Non ha avuto bisogno di pensarci, il legale: «Costituisciti ai carabinieri». Il tempo di raccattare idee e raccogliere in una manciata la sua vita andata a rotoli, e Bertocchi si è presentato, alle 8.30 ai carabinieri di Porotto: «Sono Simone Bertocchi: ho fatto un gran casino», le prime parole buttate in faccia allo maresciallo che domenica mattina - dopo il delitto - su indicazioni di chi seguiva le indagini, aveva fermato, e poi rilasciato, il Simone Bertocchi sbagliato. La pistola, Bertocchi, ha detto di averla gettata mentre scappava in bicicletta da Fossanova: «L’ho gettata in via del Gorgo, dopo le prime due curve, dopo le ultime case».
Qui, quella piccola pistola, una calibro 6.35, non è stata trovata, nonostante le ricerche iniziate poco dopo le 10.30, impegnative per il meteo (si sudava all’ombra) e per la difficoltà tecnica di trovare un piccolo revolver che sta nel palmo di una mano. E concluse nel pomeriggio senza risultati: la pistola, non si trova. Dalla tarda mattina fino alla prima serata, poi gli interrogatori: prima di Bertocchi e poi in contemporanea di Biancucci. Al pm Stefano Longhi e agli ufficiali dei carabinieri che hanno coordinato le indagini in questi giorni, i capitani Gandolfi e Mari, Bertocchi ha confessato di aver ucciso e tentato di uccidere i due anziani a Fossanova San Marco, ma ha spiegato questo suo gesto folle per i continui screzi che aveva con Tosi. Un delitto che in apparenza e senza conoscere gli atti poteva avere avuto una premeditazione: «Ma questa non è contestata» ha precisato il magistrato sottolineando come causa scatenate «i rapporti conflittuali tra Bertocchi e la vittima, per contrasti legati alla casa».

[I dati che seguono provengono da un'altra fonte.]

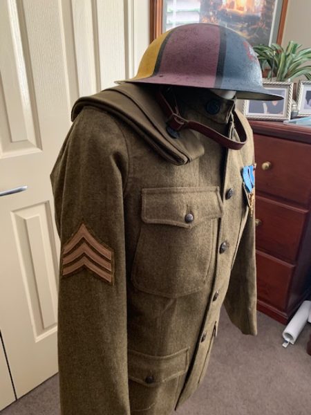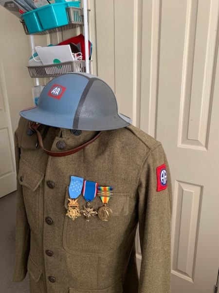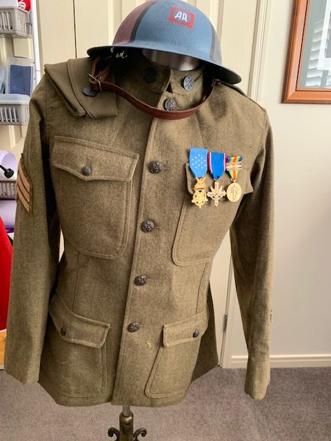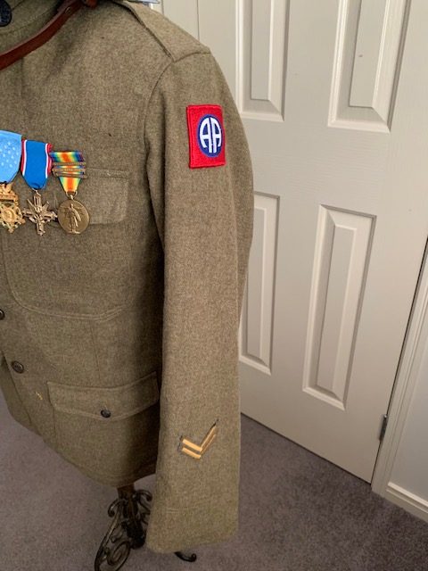 REPLICA US ARMY 82nd DIVISION SERGEANTS TUNIC, SIDE CAP, HELMET. MEDALS AND ALL INSIGNIA, TUNIC SIZE 40, CAP AND HELMET SIZE 58, ONLY ONE AVAILABLE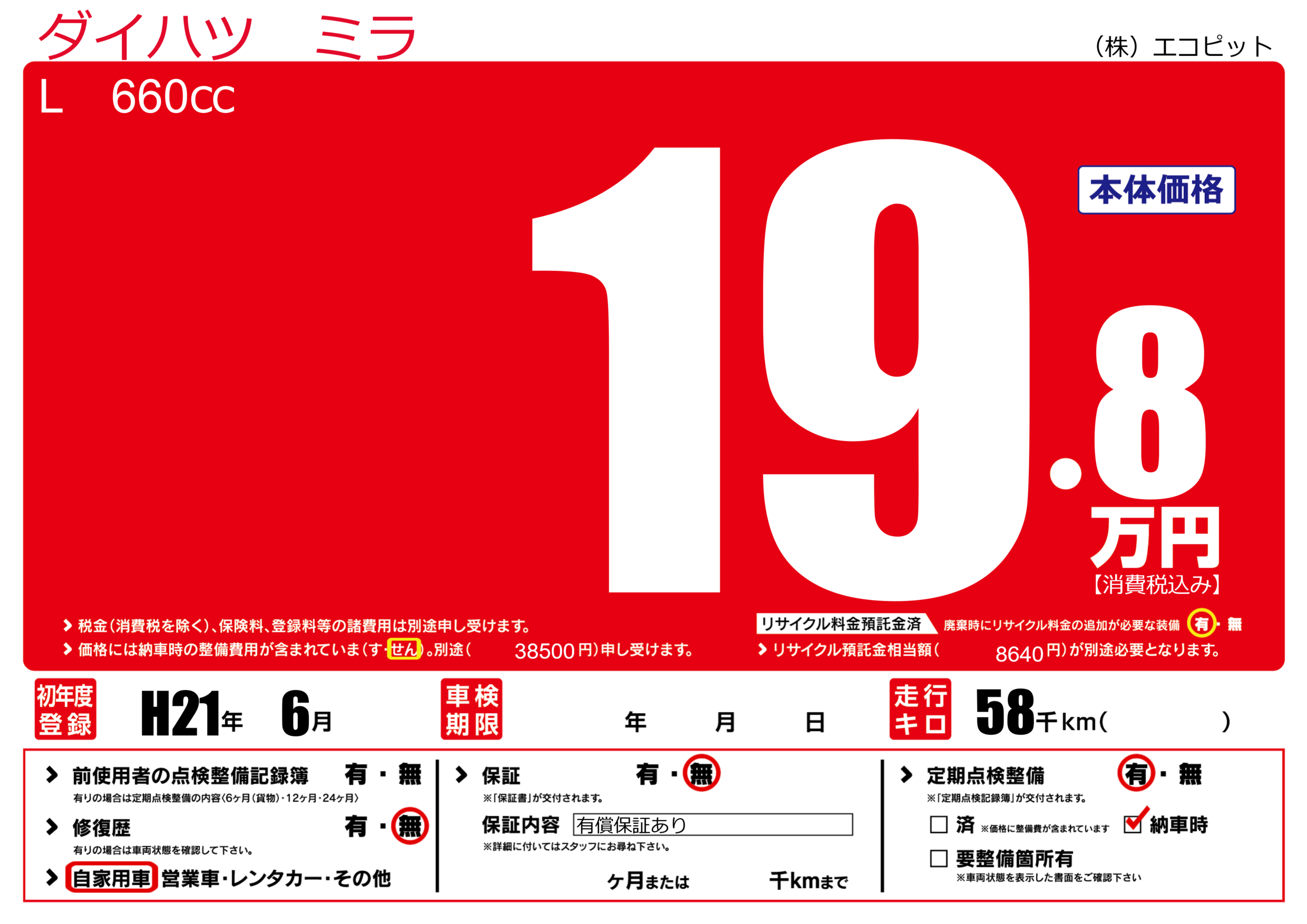 | 車名 | ダイハツ ミラ | グレード ミッション 排気量 |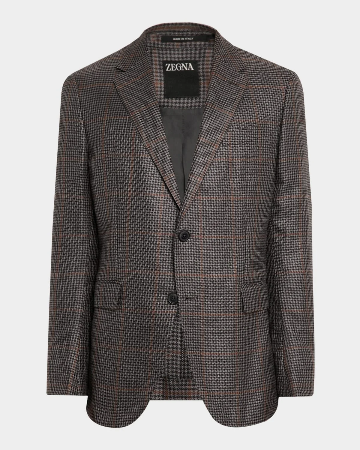 - ZEGNA sport coat in lustrous cashmere and silk, accented with a timeless houndstooth windowpane pattern - Notched lapels - Single-breasted front - Barchetta chest pocket - Internal breast pocket - Hip flap pockets - Double-vented back - Cashmere/silk - Unlined - Dry clean - Made in Italy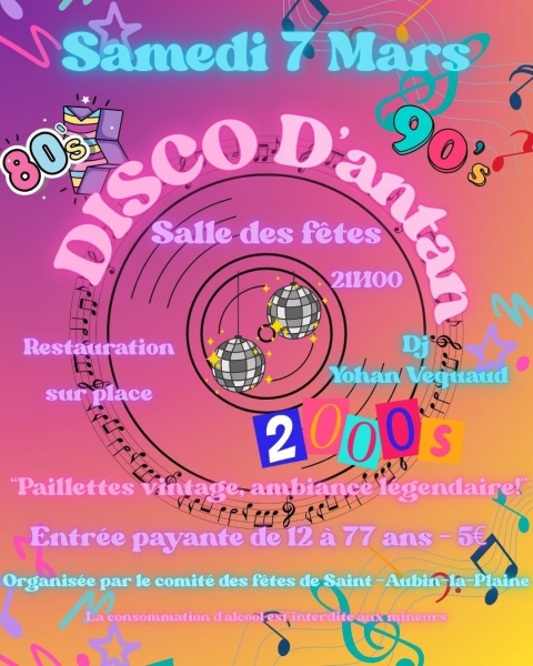 Date : Samedi 07/03/2026 Horaires : 21h à 02h Tarifs : 5€ Organisateur : COMITÉ DES FÊTES DE SAINT-AUBIN-LA-PLAINE Adresse de l'événement : ESPACE MICHEL DAUNIS RUE DU STADE 85210 ST AUBIN LA PLAINE Informations complémentaires : Animation : DJ Yohan Vegnaud. Ambiance années 80, 90, 2000. Restauration sur place. Thème : Paillettes vintage, ambiance légendaire. Entrée payante de 12 à 77 ans. Consommation d?alcool interdite aux mineurs. Danses pratiquées : Disco Référence de l'annonce : 63834 call06 63 81 96 27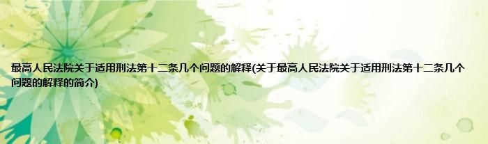 大家好,最高人民法院关于适用刑法第十二条几个问题的解释,关于最高人民法院关于适用刑法第十二条几个问题的解释的简介很多人还不知道,现在让我们一起来看看吧!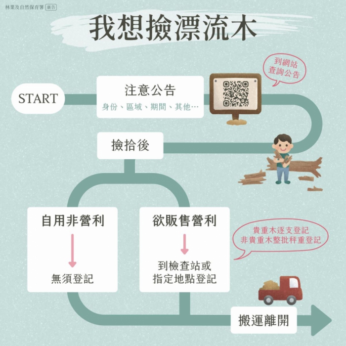 颱風過後如需查詢漂流木清理、撿拾規定等資訊,可至林業及自然保育署「漂流木專區」查詢最新資訊,以確保自身權益並共同維護公共安全與環境資源,網址:https://www.forest.gov.tw/Driftwood。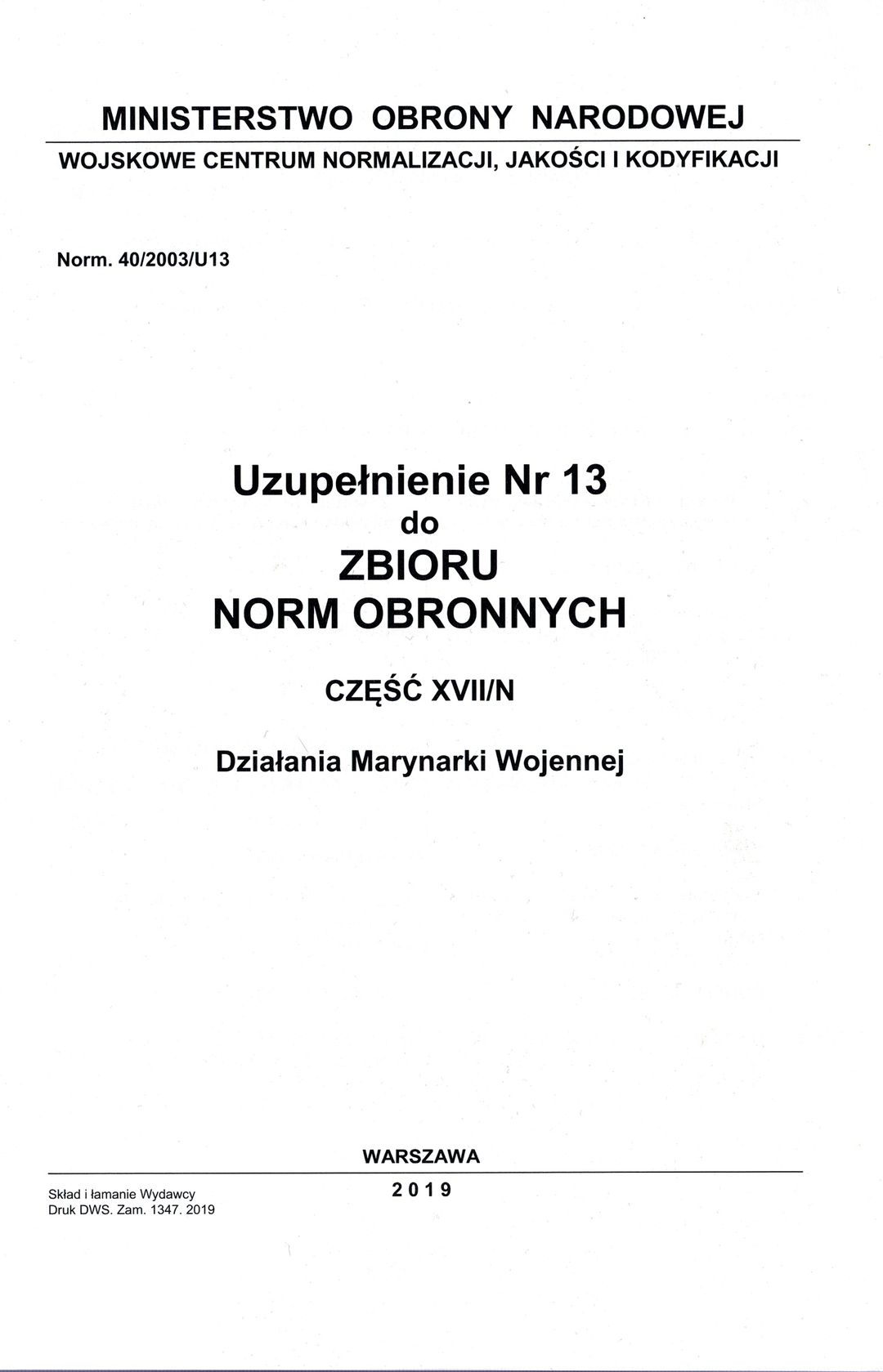 | Instytucja sprawcza: | Ministerstwo Obrony Narodowej. Wojskowe Centrum Normalizacji Jakości i Kodyfikacji |

E il movente della pensione rubata da Bertocchi a Vittorio Chiccoli? «È un possibile movente, come tanti altri» ha chiarito lo stesso pm Longhi, confermando le indagini comunque sulla pensione rubata. Per quanto riguarda invece Biancucci, la sua posizione è stata ritenuta al momento defilata tanto che, spiega il pm «non ci sono elementi per adottare nessuna misura nei suoi confronti». Biancucci era andato con Bertocchi a Fossanova per far lavori nella casa, sapeva questo, non sapeva nè che Bertocchi fosse armato nè dei conflitti con Tosi. Le indagini sono in corso, e dovranno chiarire tante altre cose.